KEPULAUAN BANGKA BELITUNG — Pengalaman Kristiani bermula saat ia mengurus laporan kecelakaan lalu lintas untuk keperluan klaim asuransi Jasa Raharja pada Rabu (26/8). Sebelum berangkat, keluarganya sempat berpesan bahwa ada kemungkinan biaya pengurusan dokumen di Satlantas Colombo, namun pengambilan kendaraan disebut gratis. Ia pun menyetujui karena mengira biaya tersebut merupakan prosedur resmi semacam denda tilang.
Kecurigaan muncul saat ia diminta mentransfer uang senilai Rp1 juta ke rekening pribadi atas nama penyidik. "Namun kemarin sewaktu di sana saya diminta untuk mentransfer uang tersebut ke rekening pribadi atas nama penyidik," ungkap Kristiani. Ia menegaskan bahwa pembayaran tersebut bukan untuk biaya pengambilan kendaraan secara langsung, melainkan untuk surat pengeluaran kendaraan.

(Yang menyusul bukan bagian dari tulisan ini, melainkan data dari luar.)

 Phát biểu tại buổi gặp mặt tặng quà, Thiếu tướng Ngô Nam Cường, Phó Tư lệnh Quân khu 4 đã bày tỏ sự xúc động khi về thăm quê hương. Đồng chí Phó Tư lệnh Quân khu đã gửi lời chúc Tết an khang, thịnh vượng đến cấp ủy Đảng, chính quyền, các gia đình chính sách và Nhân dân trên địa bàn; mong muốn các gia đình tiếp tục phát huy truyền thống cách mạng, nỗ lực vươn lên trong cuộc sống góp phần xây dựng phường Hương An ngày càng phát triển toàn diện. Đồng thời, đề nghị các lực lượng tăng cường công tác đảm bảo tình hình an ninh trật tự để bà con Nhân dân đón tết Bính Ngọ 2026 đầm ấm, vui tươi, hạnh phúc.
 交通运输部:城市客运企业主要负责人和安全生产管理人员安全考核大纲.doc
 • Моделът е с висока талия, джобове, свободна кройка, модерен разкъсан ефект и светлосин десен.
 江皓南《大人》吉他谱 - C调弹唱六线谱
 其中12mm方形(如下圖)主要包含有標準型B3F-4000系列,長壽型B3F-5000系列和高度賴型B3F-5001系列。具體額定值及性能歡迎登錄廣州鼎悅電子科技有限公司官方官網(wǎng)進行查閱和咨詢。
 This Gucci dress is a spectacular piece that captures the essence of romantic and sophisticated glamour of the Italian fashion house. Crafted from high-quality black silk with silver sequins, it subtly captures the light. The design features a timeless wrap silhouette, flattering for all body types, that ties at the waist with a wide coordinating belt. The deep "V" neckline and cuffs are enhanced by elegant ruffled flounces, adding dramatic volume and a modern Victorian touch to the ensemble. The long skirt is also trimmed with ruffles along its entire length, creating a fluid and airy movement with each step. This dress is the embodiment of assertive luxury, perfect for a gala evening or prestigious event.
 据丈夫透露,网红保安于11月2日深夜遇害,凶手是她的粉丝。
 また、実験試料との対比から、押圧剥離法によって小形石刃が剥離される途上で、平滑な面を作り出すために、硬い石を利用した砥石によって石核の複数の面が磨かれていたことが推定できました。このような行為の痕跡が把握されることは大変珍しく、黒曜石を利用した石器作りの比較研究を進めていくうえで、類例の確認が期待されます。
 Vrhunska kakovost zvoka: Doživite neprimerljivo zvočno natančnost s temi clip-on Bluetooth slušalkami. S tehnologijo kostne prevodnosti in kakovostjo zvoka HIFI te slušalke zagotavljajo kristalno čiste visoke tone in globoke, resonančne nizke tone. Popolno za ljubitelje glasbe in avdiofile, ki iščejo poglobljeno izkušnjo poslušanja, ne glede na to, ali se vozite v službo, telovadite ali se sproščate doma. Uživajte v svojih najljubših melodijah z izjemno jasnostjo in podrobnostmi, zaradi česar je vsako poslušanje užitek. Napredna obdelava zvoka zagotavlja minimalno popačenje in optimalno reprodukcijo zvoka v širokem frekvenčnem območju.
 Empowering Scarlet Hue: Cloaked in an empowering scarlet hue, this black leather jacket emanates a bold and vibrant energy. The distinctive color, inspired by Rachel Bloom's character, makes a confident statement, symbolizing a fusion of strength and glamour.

"Ambil barang bukti kecelakaan GRATIS. Iya sih gratis, tapi buat minta surat pengeluaran kendaraan harus bayar," tulis Kristiani dalam unggahan yang viral. Ia juga menjelaskan bahwa unit motornya masih berada di Polsek Dukuh Pakis dan belum diambil.
Setelah unggahannya viral, Kristiani dihubungi seseorang yang mengaku sebagai atasan penyidik. Sosok tersebut memintanya datang ke Satlantas Colombo dan mengarsipkan atau menghapus unggahan karena dinilai memicu kegaduhan. Namun, Kristiani menolak kedua permintaan tersebut.
Menariknya, pihak kepolisian sempat menawarkan untuk mengantarkan sepeda motor yang ditahan di Polsek Dukuh Pakis sekaligus mengembalikan uang Rp1 juta yang sudah ditransfer. Tawaran itu batal setelah telepon dari sosok yang mengaku atasan tersebut masuk. "Tadinya sempat menawarkan untuk datang mengantarkan kendaraan dan mengembalikan uang, namun setelah seseorang yang mengaku sebagai atasannya menghubungi saya sepertinya tidak jadi datang," jelasnya.
Menanggapi kabar yang beredar, Kasatlantas Polrestabes Surabaya AKBP Galih Bayu Raditya memastikan pihaknya bergerak cepat. "Akan segera saya cek dan tindak lanjuti," kata Galih, Jumat (28/8/2026). Ia juga mengimbau korban atau warga yang merasa dirugikan agar melaporkan ke Propam Polrestabes Surabaya dengan menyertakan bukti pendukung.
"Untuk yang bersangkutan bisa laporan ke Propam Polrestabes Surabaya untuk melengkapi bukti-bukti yang ada untuk pemeriksaan kita," tegasnya. Sementara itu, Kristiani berencana mengambil sendiri motornya di Polsek Dukuh Pakis.